PubMed ID: 1425093
Author(s): Kostraba JN, Cruickshanks KJ, Neville TG, Lawler-Heavner J, Chase HP, Klingensmith GJ, Gay EC, Hamman RF. Clinical characteristics of IDDM in Hispanics and non-Hispanic whites. Little evidence of heterogeneity by ethnicity. Diabetes Care. 1992 Oct;15(10):1303-9. PMID 1425093
Journal: Diabetes Care, Volume 15, Issue 10, Oct 1992
OBJECTIVE To compare the clinical characteristics of IDDM in HD and NHWD subjects in order to evaluate potential heterogeneity of IDDM by ethnicity.
RESEARCH DESIGN AND METHODS HD subjects (n = 73) and NHWD subjects (n = 97) were recruited from the Colorado IDDM Registry. The registry included individuals who were Colorado residents, less than 18 yr old at diagnosis, placed on insulin within 2 wk of diagnosis, and had diabetes not secondary to other conditions. Residual beta-cell function was measured as the 1-h C-peptide response to a Sustacal challenge.
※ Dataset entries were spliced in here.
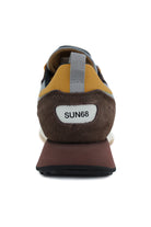 Sneakers da uomo dal design running contemporaneo, realizzate in mix di suede, mesh e inserti sintetici nei toni del grigio e marrone, con lacci color ocra a contrasto che donano un carattere sportivo e grintoso. La suola alta in gomma bicolore assicura un ottimo assorbimento degli urti e slancia la figura, mentre il logo laterale applicato e il tallone strutturato garantiscono stabilità, perfette da abbinare a jeans o jogger per outfit casual urbani.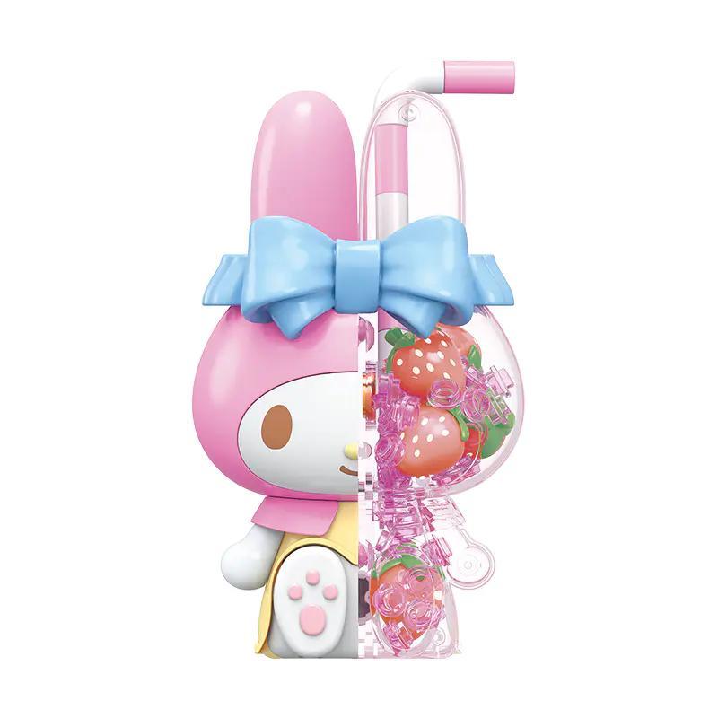 Điểm đặc biệt của đồ chơi lắp ráp My Melody Nước Ngọt Dâu Tây là thiết kế nửa trong suốt độc đáo, cho phép nhìn thấy các phụ kiện dâu tây bên trong. Ngoài ra, ống hút của mô hình có thể di chuyển, tạo ra hiệu ứng vui nhộn như đang uống nước thật, kích thích trí tưởng tượng của bé.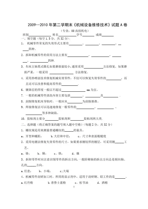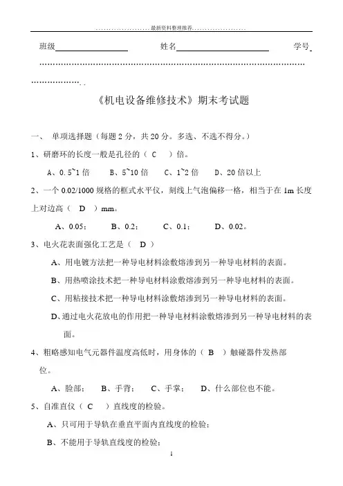 班级姓名学号………………………………………………………………………………………………………..《机电设备维修技术》期末考试题一、单项选择题(每题2分,共20分。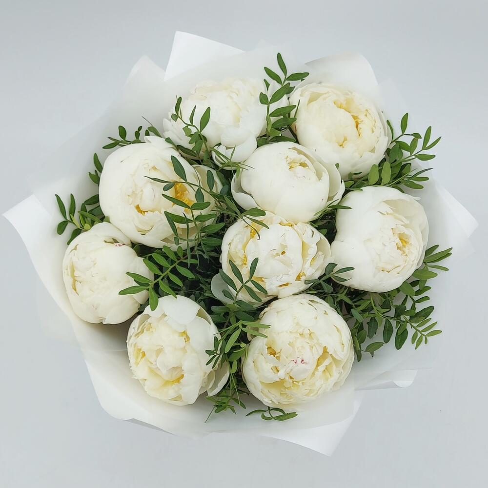 Зелень – 8 шт.Лента атласная – 1 шт.Пион премиум – 9 шт.Упаковка пленка матовая – 2 шт.
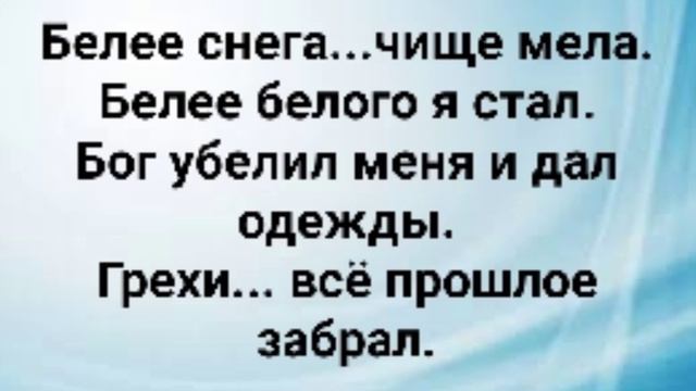 ХРИСТИАНСКИЕ ПЕСНИ ДЛЯ ХВАЛЫ И ПОКЛОНЕНИЯ ПРОСЛАВЛЕНИЯ ВООДУШЕВЛЕНИЯ ЕВАНГЕЛИЗАЦИИ #господь#музыка#христианская_музыка#музика#христианскиепесни#бог#христианскиестихи#любовь#христианство#стихи#песня#песни#иисус#иисусхристос#иисусмойбог#иисус_христос#иисусбог#иисусгосподь#хвалы_и_поклонения#хваление#хвала#прославление "Я ОПРАВДАН!" СЛОВА, МУЗЫКА: ЖАННА ВОЛКОВА-ВАРЛАМОВА Стихи Жанна Волкова(Варламова) Припев: Белее снега...чище мела. Белее белого я стал. Бог убелил меня и дал одежды. Грехи... всё прошлое забрал. Грехи Ты смыл ...Были багрянные. Их больше нет. Я... убелённый! Омыл меня Ты и сделал чистым. Весь грех, позор на Крест понёс! Припев: Белее снега...чище мела. Белее белого я стал. Бог убелил меня и дал одежды. Грехи... всё прошлоезабрал. О, мой Иисус...Ты сделал чистым... Меня Ты Кровью оправдал. Весь грех распят! Я...новый... чистый! Весь грех, позор у Божьих пят. Припев: Белее снега...чище мела. Белее белого я стал. Бог убелил меня и дал одежды. Грехи... всё прошлое забрал. Омыл Ты меня...и сделал чистым... Чтоб жизнь я новую начал. Чтоб стал листком из Божьей книжки... С Иисусом жизнь продолжал. Припев: Белее снега...чище мела. Белее белого я стал. Бог убелил меня и дал одежды. Грехи... всё прошлое забрал. 08.01.2019 Жанна Волкова-Варламова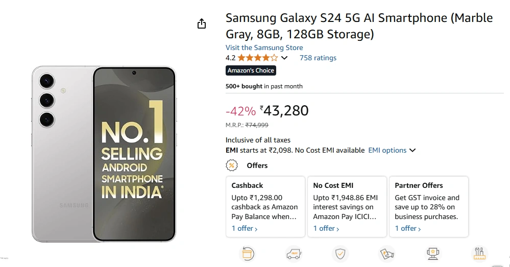 अमेजन सेल से Samsung Galaxy S24 5G AI Smartphone 42% छूट पर खरीदें

RESULTS HD subjects were similar to NHWD subjects in insulin dose, HbA1, HLA-DR antigens, ICAs, and family history of IDDM. HD subjects were more likely to have a family history of NIDDM than NHWD subjects (11 vs. 3%, P = 0.03). HD girls had higher C-peptide levels (0.27 vs. 0.11 nm/L [0.83 vs. 0.33 ng/ml], P = 0.01), BMI (22.7 vs. 20.9 kg/m2 P = 0.04), subscapular skinfold thickness (18.9 vs. 15.0 mm, P = 0.04), and WHR (0.81 vs. 0.77, P = 0.03) than NHWD females. After controlling for diabetes duration, BMI, sex, and family history of NIDDM, residual beta-cell function was associated significantly with Hispanic ethnicity, although the term accounted for just 3% of the overall variability in C-peptide levels.
CONCLUSIONS Little evidence of heterogeneity by ethnicity of IDDM patients in the Colorado IDDM Registry was found. Ethnic differences in C-peptide levels may be related to differences in body fat distribution in females rather than heterogeneity of the disease.